To: LindyBill who wrote (84095)11/5/2004 2:30:21 AM
From: LindyBill  Read Replies (2) | Respond to of 793914
 
I hope they dump him, but he will probably survive. Better to have him inside pissing out. If he gets out of line when a nominee comes up, they have good leverage now.

It was unclear whether Specter had staved off a challenge to his chairmanship. Although he is in line by seniority to succeed Sen. Orrin G. Hatch (R-Utah), who is term-limited as Judiciary Committee chairman, Specter could be rejected either by a majority of committee Republicans or the full 55-member Senate Republican Conference.



Specter Denies Warning Bush Over Court Nominees

By Helen Dewar and Charles Lane
Washington Post Staff Writers
Friday, November 5, 2004; Page A05

Sen. Arlen Specter (R-Pa.), who expects to head the Judiciary Committee next year, moved yesterday to quell an uproar over comments that were widely interpreted as warning President Bush against choosing Supreme Court nominees who oppose abortion rights.

"Contrary to press accounts, I did not warn the president about anything" and would "never apply any litmus test" on abortion, Specter said in a statement. "I expect to support his nominees," Specter said later in a telephone interview.

The controversy, which could put Specter's accession to chairman in jeopardy, came as senators and their strategists began to pick their way through the post-election landscape, which appeared to strengthen Bush's hand on judicial nominations, although not without complications.

Republicans figured their four-seat Senate gain will help win support for Bush's nominees among Democrats worried about whether their party was hurt by charges of "obstructionism," an element in the defeat of Minority Leader Thomas A. Daschle (D-S.D.) in Tuesday's voting.

But key Democrats vowed to continue opposing nominees they regard as extreme, employing filibusters if necessary, as they did over the past two years to block 10 of Bush's appeals court choices. Republicans will have 55 seats in the Senate next year, five short of the 60 needed to cut off stalling tactics.

Adding to the political tensions are Chief Justice William H. Rehnquist's recent diagnosis of thyroid cancer and expectations that a nomination for the high court will occur sooner rather than later.

After a Philadelphia news conference Wednesday, after he was elected to a fifth Senate term, it seemed that Specter, who generally supports abortion rights, might also pose a complication.
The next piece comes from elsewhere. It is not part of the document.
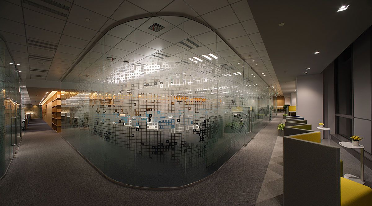 The changes of light with time flow can be truly experienced since natural light comes from all quarters. Artificial "outdoor" light together with natural light creates perfect effects of light and shadow. “Indoor” light is strictly controlled just enough to meets the intensity of illumination. The combination of both “outdoor” and “indoor” light helps to distinguish the difference. Two main work areas are circled by large pieces of glass. On the glass, there are cloud shape patterns made up of translucent small squares. It not only makes better effect of light and shadow on the floor, but also let those who work here feel outdoor atmosphere.

News reports said he warned Bush against nominating anyone for the Supreme Court who would overturn a woman's right to abortion and suggested he would oppose such a nominee. Specter was quoted as saying, "When you talk about judges who would change the right of a woman to choose . . . I think that is unlikely."

The news accounts prompted a flood of complaints to senators' offices.

In his statement yesterday, Specter said he had supported all of Bush's nominees and added, "I have never and would never apply any litmus test on the abortion issue."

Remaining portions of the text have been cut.